How sellers can manage inflation and protect margins

Mastering inflation: learn how to reset prices to protect margins, without losing business

Sudipto Banerjee

Sudipto Banerjee

Principal, Pricing & Commercial Excellence Leader, KPMG US


Z. Maria Wang

Z. Maria Wang

Director Advisory, Strategy - COE, KPMG US

+1 617-988-1000

Today, companies are facing price shocks that they can’t easily absorb. It feels like costs are out of control.

After a decade of stable prices, coping with price volatility is an unfamiliar experience. But as we noted in the first two articles in this series (When the Price is Wrong), there are several ways to reduce cost uncertainty. Ultimately, however, you also need to pass those increased costs along.

This article describes ways to manage your price increases without damaging business relationships or sales. We also share insights into commercial practices that can limit the impact of supplier price increases on margins and ensure that sales teams stick to your pricing practices.
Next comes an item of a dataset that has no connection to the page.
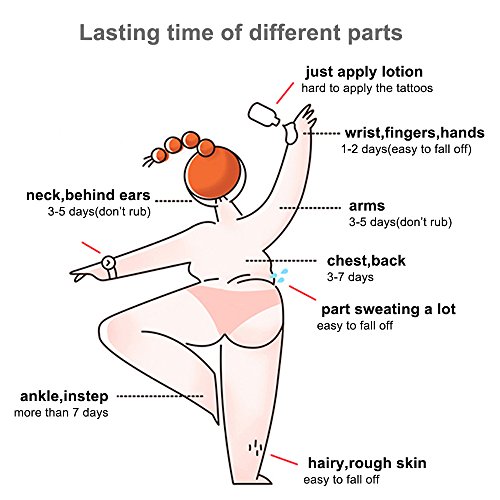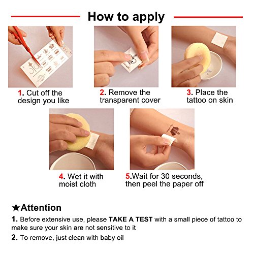 - ★EASY TO APPLY & REMOVE- Take on a brand-new look less than a minute! Just cut a desgin you like, put it on skin and wet it with moist cloth, then wait 30 second and peel the paper off. To remove it, baby oil will work well. You can wear it on arms, wrist, ankles and ect.

While sellers need to increase prices when their costs rise, there are right and wrong ways to do it.

Using a new approach that we call supply-aware dynamic pricing (SADP), companies can adapt to shifting supply chain realities by adjusting the price of every SKU on a monthly, weekly, or even daily basis.
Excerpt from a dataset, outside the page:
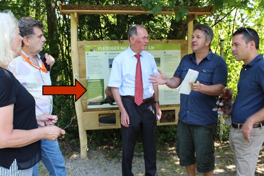 Fakt ist: Der Lehrpfad beleuchtet die beklagten "Schattenseiten" des Bibers explizit und deutlich. Das hätte Vize-Landrat Westner eigentlich wissen können. Er war nämlich Ende Juli nicht nur bei der offiziellen Eröffnung dabei. Sondern ließ sich dabei auch just vor genau der Schautafel fotografieren, auf der die Biber-Probleme sowie mögliche Gegenmaßnahmen behandelt werden – bis hin übrigens zur Tötung von Tieren.

At the same time, you should conduct a commercial best practice review, answering five tough questions:

  • Is our commercial strategy aligned with our procurement strategy?
  • Are we conducting regular pricing and margin reviews?
  • Have we designed our sales compensation to preserve our margins?
  • How good are our sales contracts? For example, do they allow us to request price increases?
  • How should we communicate this plan?